Scientific certainty arguments made in opposition to climate change fail as a matter of ethics for a host of reasons including the fact that almost all of the most prestigious scientific organizations in the world and the vast majority of scientists that do peer-reviewed science support the consensus view that has concluded that climate change is a growing civilization challenging threat to people and ecological systems on which life depends around the world, uncertainty in these situations raises ethical questions about burdens and quantity of proof, those most vulnerable to climate change have not consented to be put at risk from climate change, and the longer the world waits to reduce the threat of climate change the worse the problem becomes. For detailed ethical analysis of scientific uncertainty arguments made in opposition to climate change, see Ethicsandclimate.org index under Scientific Uncertainty and Climate Ethics.
And so, the arguments made in opposition to the Obama speech fail to withstand ethical scrutiny.
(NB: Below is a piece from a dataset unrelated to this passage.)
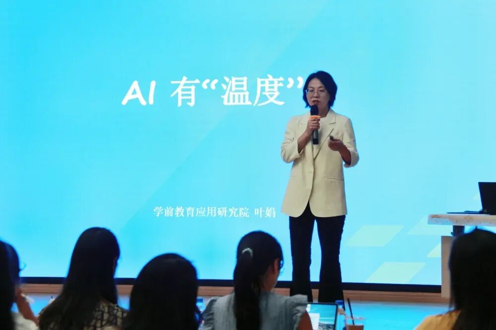 随后,中部六省学前教育AI融合创新应用协作中心主任、淘云科技学前教育应用研究院执行院长叶娟,在《AI有“温度”》的主题分享中提到,AI技术并非冷冰冰的工具,而是可以成为“有温度的教育伙伴”。通过AI阅读空间、编程启蒙、数学思维等实际案例,她生动展示了AI如何助力教师实现无感记录、过程评估、个性化支持,从而让教学教研活动更精准。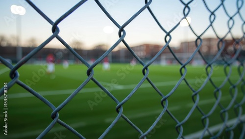 baseball field urban. A blurred view of a sports field through a chain-link fence, suggesting an active game or practice session.

The US media response to the Obama speech and the political response thereto has once again completely ignored the ethical problems with the strong political opposition to the speech. As we have noted over and over again in regard to the US media coverage of the US response to climate change, the US press is utterly failing to cover ethical issues entailed by opposition to climate change policies in the United States. This is particularly true of economic and scientific uncertainty arguments made in opposition to proposed US climate change policies. Nor is the US press covering ethical issues entailed by the urgency and magnitude of the need to reduce ghg emissions given that the world is likely running out of time to prevent warming of 2 degrees C, a warming amount which is widely believed could create rapid, non-linear climate change. For a discussion of this issue, see: On the Extraordinary Urgency of Nations Responding To What Equity Requires of Them In Their Responses to Climate Change.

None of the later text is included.